Daniel Lindsay and TJ Martin's social sports fable about the highs and lows of college football takes its place proudly alongside the best in the genre.
Traversing some of the same ground as Kristopher Belman’s More Than a Game and Steve James’ Hoop Dreams – and with an unmistakable hint of Peter Berg’s Friday Night Lights – Undefeated appears at first glance to be just another generic social sports fable.
But as directors Daniel Lindsay and TJ Martin embed themselves in the lives of the Manassas Tigers football team in a broken down district of Memphis, Tennessee, it emerges instead as a drama entirely unto itself.
For six years, Coach Bill Courtney has preached character, commitment and sacrifice. It’s a tough sell in a community blighted by crime and recession, to kids who can’t see a future beyond the horizons of high school. But little by little, Courtney has transformed the Tigers into a winning team, leading them to their first ever play-off season.
And yet this is only half the story. While the sporting drama sets the framework, it’s the human narrative that lends Undefeated such heart and soul. Lindsay and Martin focus on four key players. There’s Courtney, of course, the cussed, articulate patriarch who sacrifices his own family for these found-sons.
OC Brown is a hulking tackle whose college scholarship is put at risk by poor grades. He’s tutored at a coach’s home in a rich white suburb, crossing Manassas’ racial divide symbolically but uneasily. Chavis is the archetypal troubled youth whose personal journey is one of the film’s most compelling. But it’s Montrail ‘Money’ Brown who really anchors the show.
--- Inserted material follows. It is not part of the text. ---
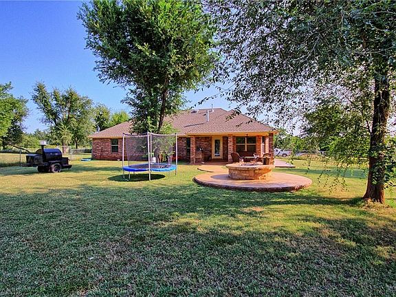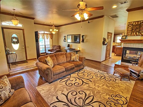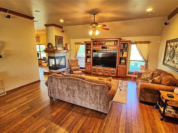 Bamboo floors, gas fireplace, built-ins, granite tops, stainless appliances, kitchen island, fire pit, gas patio grill, stained concrete patio and driveway approach, storm shelter, mature trees, chain link fence, large covered patio, water softener, window treatment, dual vanities, unique floor plan, well maintained home.

A sensitive, intelligent young man injured halfway through the season, his struggles and redemption are pure Hollywood ending.
That’s the thing about American football – it’s uncanny propensity for drama. This unlikely season of last-minute turnarounds and personal transformations is tailor-made for cinema; for montage, dramatic close-up and steady observation, all of which are deployed by Lindsay and Martin, alongside an effervescent ghetto gospel soundtrack.
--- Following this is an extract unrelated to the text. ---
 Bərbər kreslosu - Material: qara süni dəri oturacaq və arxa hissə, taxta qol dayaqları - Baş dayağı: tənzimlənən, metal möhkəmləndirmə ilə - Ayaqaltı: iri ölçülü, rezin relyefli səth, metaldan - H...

Undefeated, then, is both the film you suspect it might be and something else entirely. The clue is in the title. "Anybody can be a winner," says Coach Courtney. "It’s how you respond to failure that makes you a man." To corrupt another of his favourite phrases – watching Undefeated won’t build character; but it will reveal it.
Looks niche, but suckers for sports docs have been getting excited about this one.
Subtle, surprising and, at its best, revelatory.
Can take its place proudly alongside the best in the genre.